Apart from the pictures, everything in the lines below must be printed exactly.

*** Opening of Dataset section ***

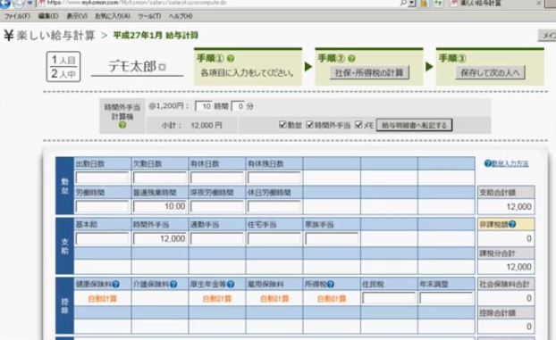 MyKomon名南経営が提供しているクラウド系の給与計算ソフトで、ケイ・アイ&パートナーズ税理士法人(旧:黒瀬税理士事務所)でも取扱いしています。この楽しい給与計算は、難しい操作や計算が苦手でも簡単に給与計算が行えるように開発された給与計算ソフトで、画面の流れに沿って入力すれば給与計算を簡単に行え、給与明細書発行や賃金台帳・給与一覧表を短時間で作成できます。
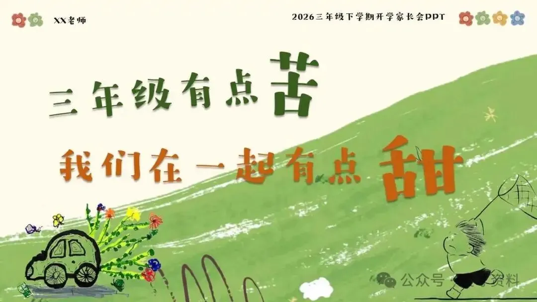 三年级春季下语文开学家长会ppt课件:三年级有点苦,但我们在一起有点甜。
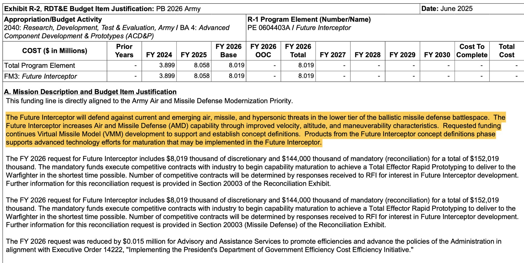 Финансирование в рамках программы Lower Tier Future Interceptor (LTFI) на 2026 год будет направлено на исследования, разработку, испытания и оценку перспективной ракеты. Об этом 19 августа сообщил обозреватель по вопросам безопасности в The Insider Колби Бадхвар со ссылкой на сведения из Пентагона.

*** Close of Dataset section ***

### Answer:
 MyKomon名南経営が提供しているクラウド系の給与計算ソフトで、ケイ・アイ&パートナーズ税理士法人(旧:黒瀬税理士事務所)でも取扱いしています。この楽しい給与計算は、難しい操作や計算が苦手でも簡単に給与計算が行えるように開発された給与計算ソフトで、画面の流れに沿って入力すれば給与計算を簡単に行え、給与明細書発行や賃金台帳・給与一覧表を短時間で作成できます。
 三年级春季下语文开学家长会ppt课件:三年级有点苦,但我们在一起有点甜。
 Финансирование в рамках программы Lower Tier Future Interceptor (LTFI) на 2026 год будет направлено на исследования, разработку, испытания и оценку перспективной ракеты. Об этом 19 августа сообщил обозреватель по вопросам безопасности в The Insider Колби Бадхвар со ссылкой на сведения из Пентагона.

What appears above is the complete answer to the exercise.